Interestingly, the expression of important DNA repair proteins was significantly decreased upon CAPER knockdown in MDA-MB-231 cells. In fact, following Western blot analyses, we observed significant decreases in the total protein levels of c-Abl (2-fold, p < 0.01, n = 3), retinoblastoma protein (Rb) (3-fold, p < 0.05, n = 3) and RAD51 (3.5-fold, p < 0.01, n = 3), suggesting CAPER’s involvement in regulating effector DNA repair proteins (Figure 8A and 8B).

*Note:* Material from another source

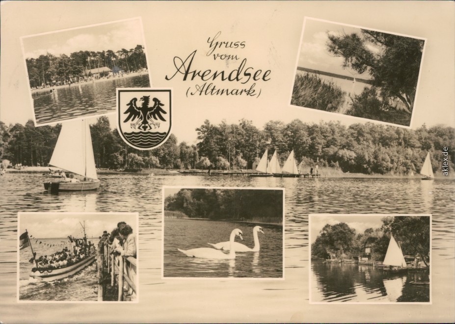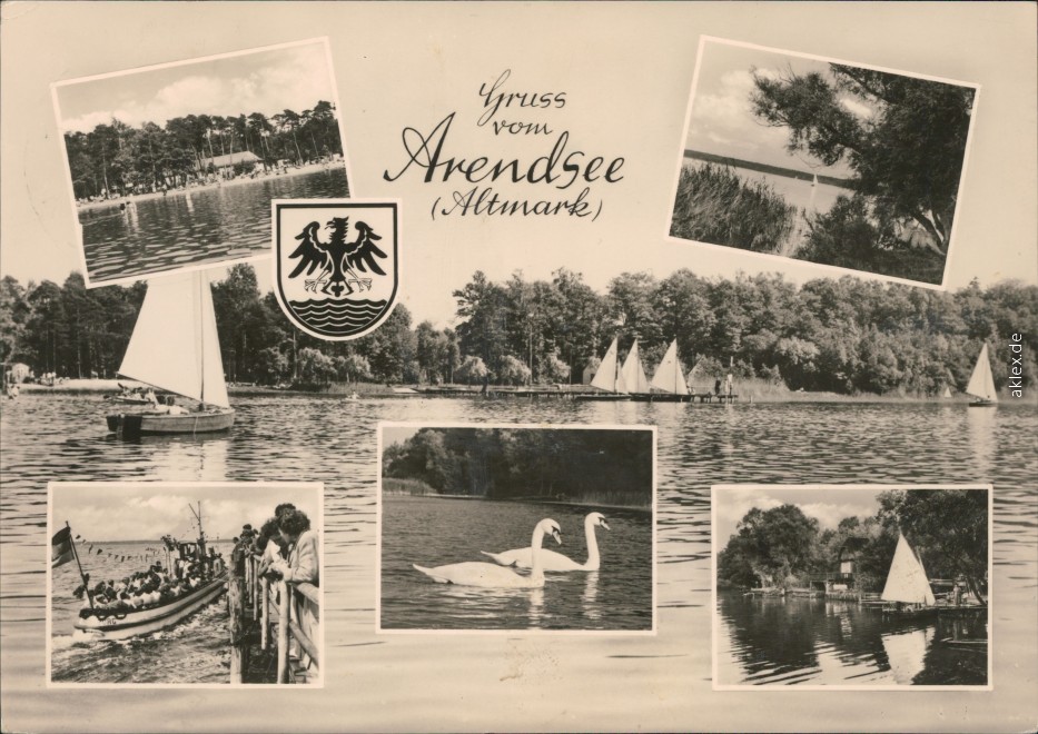 Postcart: Strand, Uferbereich, Segelboote, Kutter, Schwäne - Arendsee (Altmark)

CAPER Knockdown decreases the levels of c-Abl, RAD51 and retinoblastoma proteins, essential proteins involved in homologous recombination repair of DNA in MDA-MB-231 cells.

Figure 8: CAPER Knockdown decreases the levels of c-Abl, RAD51 and retinoblastoma proteins, essential proteins involved in homologous recombination repair of DNA in MDA-MB-231 cells. (A) Western blot analysis shows the effects of CAPER knockdown on DNA repair protein expression levels. (B) Quantitation was performed through densitometry using Image J which revealed that down-regulation of CAPER (7-fold, p < 0.001, n = 3) following lentiviral infection caused significant changes in c-Abl (p < 0.01, 2-fold, n = 3), RAD51 (p < 0.01, 2.5-fold, n = 3) and Rb (p < 0.05, 3-fold, n = 3) protein levels in MDA-MB-231 cells.

DISCUSSION

Although previously shown to be upregulated in invasive breast cancer and DCIS, CAPER expression has never been reported among specific histological subtypes. Our present data demonstrate for the first time an upregulation of CAPER protein expression in a cohort of patients as part of each major breast cancer subtypes (ER+, HER2+, and TNBC) compared to normal breast tissue as defined by H-scoring method [13]. These immunohistochemical results emphasize that CAPER expression might be needed for the growth of several different breast cancer subtypes. In fact, our group previously showed that knockdown of CAPER in an ER-dependent cell line significantly impaired their growth both in vitro and in vivo [12]. Since TNBC possesses the most aggressive features, we focused the current study on the functional role of CAPER in that subtype. However, it remains to be confirmed whether CAPER knockdown could also prevent the growth of HER2+ cancer cells and this should be investigated further in future studies.

Our current results demonstrate that lentiviral-mediated knockdown of CAPER expression reduced total adherent cell number in TNBC cell lines MDA-MB-231 and BT549, an effect attributed to increased apoptotic cell death through caspase-3/7 activation. These results suggest that CAPER could be involved in hormone-independent functions. This is a departure from its original role predicted to be mostly ER-dependent [9]. Other studies have also indicated a hormonal-independent role of CAPER in other cancers such as colon cancer in which CAPER knockdown also pushed the cells towards apoptosis-mediated cell death [14, 15]. Our current data, in addition to other published studies, validate that CAPER is involved in several different cancer types and does not necessarily require hormonal-dependence to exhibit a significant effect on cancer growth. These observations make CAPER a very attractive therapeutic target for cancer treatment. This is consistent with other proteins shown to also be involved in ER-independent processes following their discovery as estrogen-receptor coactivators. The ER coactivator SRC-3 has been shown to correlate with poor prognosis and overall survival in TNBC and its inhibition was shown to reduce tumor growth in an in vivo TNBC model [16]. Proline-, glutamic acid-, and leucine-rich protein 1 (PELP-1), another ER coactivator, has also been implicated in the survival and metastatic potential of TNBC cells [17]. Knockdown of PELP-1 was shown to reduce the proliferation and migration of TNBC cells [17]. Together, these results support the involvement of other ER coactivators in hormone-independent cancers.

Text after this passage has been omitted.